(PROVIDED MATERIAL Opens)

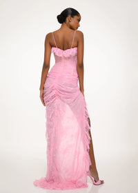 A pink lace gown featuring structured corsetry, delicate straps, and a daring slit — soft romance meets bold energy.
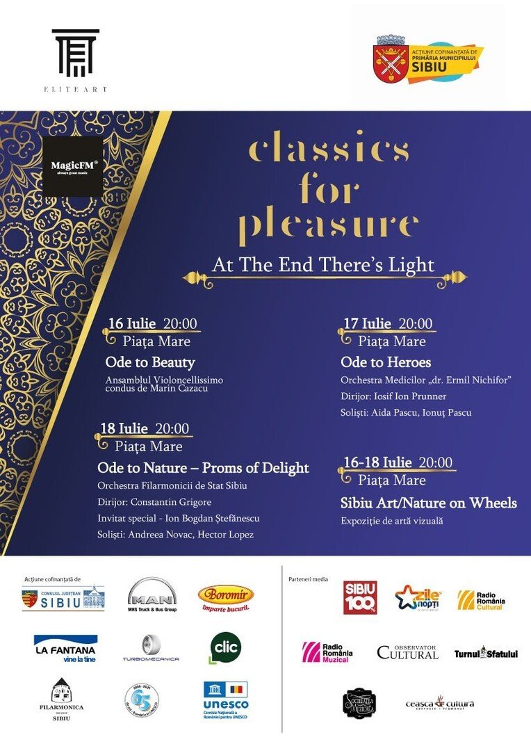În perioada 16 – 18 Iulie 2021 Elite Art Club UNESCO vă invită la Classics for Pleasure – At the End There’s Light. Un simbol cultural al Ardealului, festivalul îi așteaptă pe melomani cu 3 concerte de muzică clasică și o expoziție inedită. Anul acesta tema festivalului este una plină de optimism și speranță, o odă adusă frumuseții vieții.
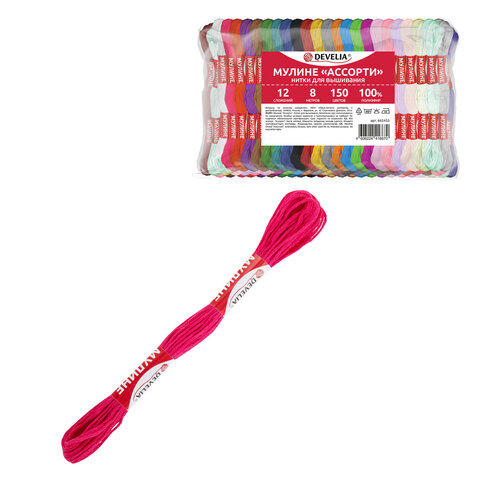Нитки для вышивания (мулине), набор 150 цветов, 8 м, полиэфир, DEVELIA (Девелиа), 665433
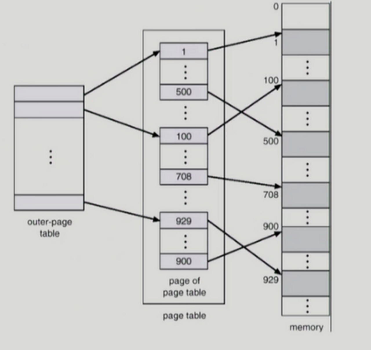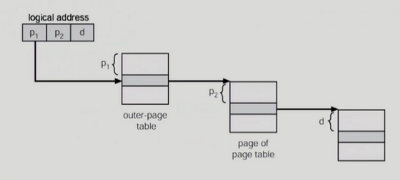 외부 페이지 테이블로부터 P1만큼 떨어진 위치에서 내부 페이지 테이블의 주소를 얻게 되고, 내부 페이지 테이블로부터 P2만큼 떨어진 위치에서 요청된 페이지가 존재하는 페이지 프레임의 위치를 얻은 후, 해당 프레임으로부터 d만큼 떨어진 곳이 바로 찾으려는 물리적 주소이다.

(PROVIDED MATERIAL Closes)

Write out the whole listing exactly. Pictures stay out.

 A pink lace gown featuring structured corsetry, delicate straps, and a daring slit — soft romance meets bold energy.
În perioada 16 – 18 Iulie 2021 Elite Art Club UNESCO vă invită la Classics for Pleasure – At the End There’s Light. Un simbol cultural al Ardealului, festivalul îi așteaptă pe melomani cu 3 concerte de muzică clasică și o expoziție inedită. Anul acesta tema festivalului este una plină de optimism și speranță, o odă adusă frumuseții vieții.
Нитки для вышивания (мулине), набор 150 цветов, 8 м, полиэфир, DEVELIA (Девелиа), 665433
 외부 페이지 테이블로부터 P1만큼 떨어진 위치에서 내부 페이지 테이블의 주소를 얻게 되고, 내부 페이지 테이블로부터 P2만큼 떨어진 위치에서 요청된 페이지가 존재하는 페이지 프레임의 위치를 얻은 후, 해당 프레임으로부터 d만큼 떨어진 곳이 바로 찾으려는 물리적 주소이다.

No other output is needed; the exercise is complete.